**To do**
Print the entries exactly; skip the pictures.

+++++

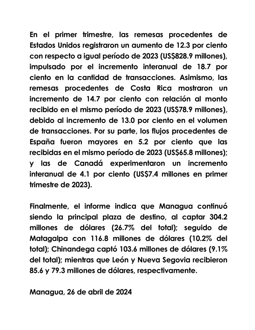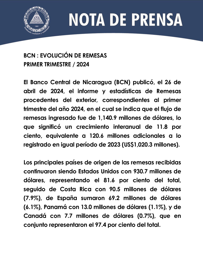 El Banco Central de Nicaragua (BCN) publicó, el 26 de abril de 2024, el informe y estadísticas de Remesas procedentes del exterior, correspondientes al primer trimestre del año 2024, en el cual se indica que el flujo de remesas ingresado fue de 1,140.9 millones de dólares, lo que significó un crecimiento interanual de 11.8 por ciento, equivalente a 120.6 millones adicionales a lo registrado en igual período de 2023 (US$1,020.3 millones).
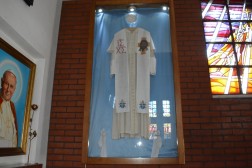 – Człowiek przechowuje zawsze na pamiątkę coś co jest związane z bliską osobą, tak aby nie zapomnieć jej. Tutaj, w Dyminach możemy zobaczyć sutannę Jana Pawła II, jedną z ostatnich, którą nosił papież, co można zauważyć po jej kroju. Przednia jej część jest bardziej wycięta na dole ponieważ Jan Paweł II był już wtedy przygarbiony i było mu ciężko chodzić. Dla nas jest to zaszczyt, że sutanna, którą nosił wielki autorytet świata jest w tej świątyni – mówił biskup Marian Florczyk.
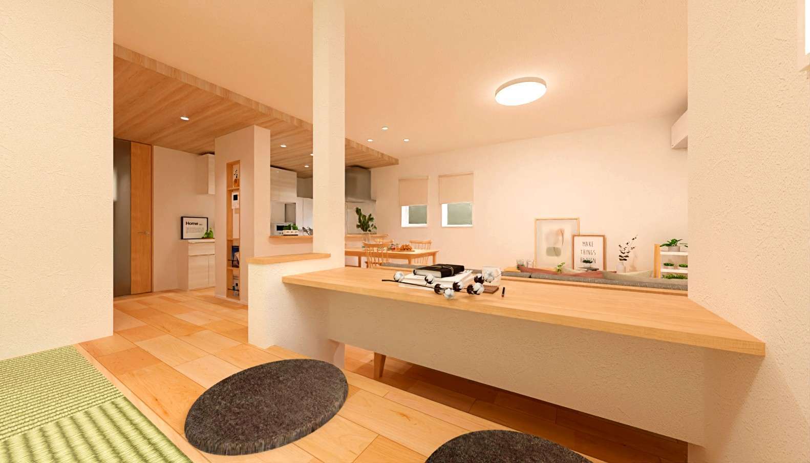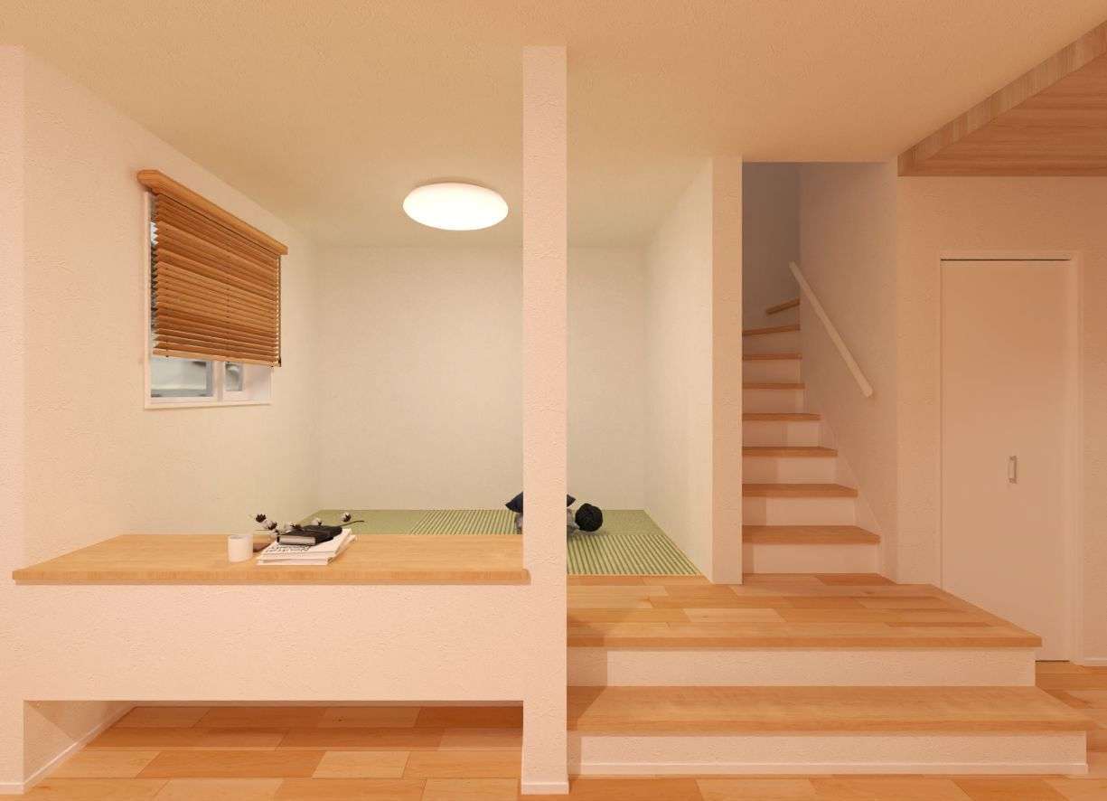 畳コーナーは、お子さまの遊び場やお昼寝スペースとしても大活躍👍小上がりへ上がる階段を広めにとることで、リビングとの一体感が生まれ、空間に広がりを感じられます。
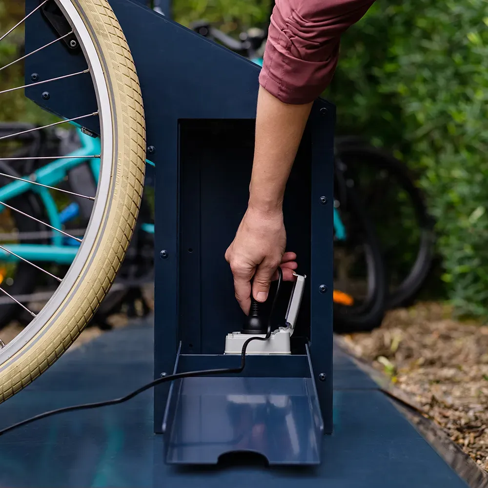 The E-bike Charging Station combines secure locking with integrated e-bike charging. Users bring their own charger, plug it into the dock, and both bike and charger are locked inside — secured while charging.
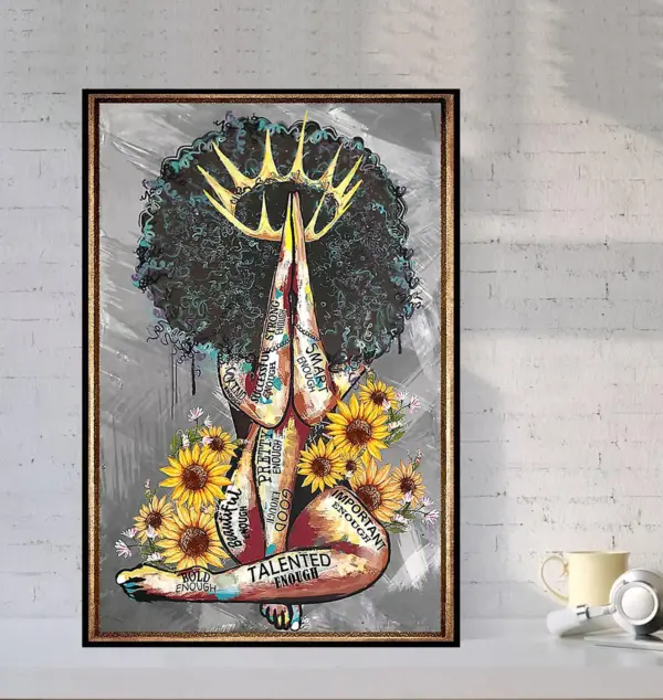 Black Queen Sunflower Poster - Black Girl Magic Art Print

+++++

**Written answer**
 El Banco Central de Nicaragua (BCN) publicó, el 26 de abril de 2024, el informe y estadísticas de Remesas procedentes del exterior, correspondientes al primer trimestre del año 2024, en el cual se indica que el flujo de remesas ingresado fue de 1,140.9 millones de dólares, lo que significó un crecimiento interanual de 11.8 por ciento, equivalente a 120.6 millones adicionales a lo registrado en igual período de 2023 (US$1,020.3 millones).
 – Człowiek przechowuje zawsze na pamiątkę coś co jest związane z bliską osobą, tak aby nie zapomnieć jej. Tutaj, w Dyminach możemy zobaczyć sutannę Jana Pawła II, jedną z ostatnich, którą nosił papież, co można zauważyć po jej kroju. Przednia jej część jest bardziej wycięta na dole ponieważ Jan Paweł II był już wtedy przygarbiony i było mu ciężko chodzić. Dla nas jest to zaszczyt, że sutanna, którą nosił wielki autorytet świata jest w tej świątyni – mówił biskup Marian Florczyk.
 畳コーナーは、お子さまの遊び場やお昼寝スペースとしても大活躍👍小上がりへ上がる階段を広めにとることで、リビングとの一体感が生まれ、空間に広がりを感じられます。
 The E-bike Charging Station combines secure locking with integrated e-bike charging. Users bring their own charger, plug it into the dock, and both bike and charger are locked inside — secured while charging.
 Black Queen Sunflower Poster - Black Girl Magic Art Print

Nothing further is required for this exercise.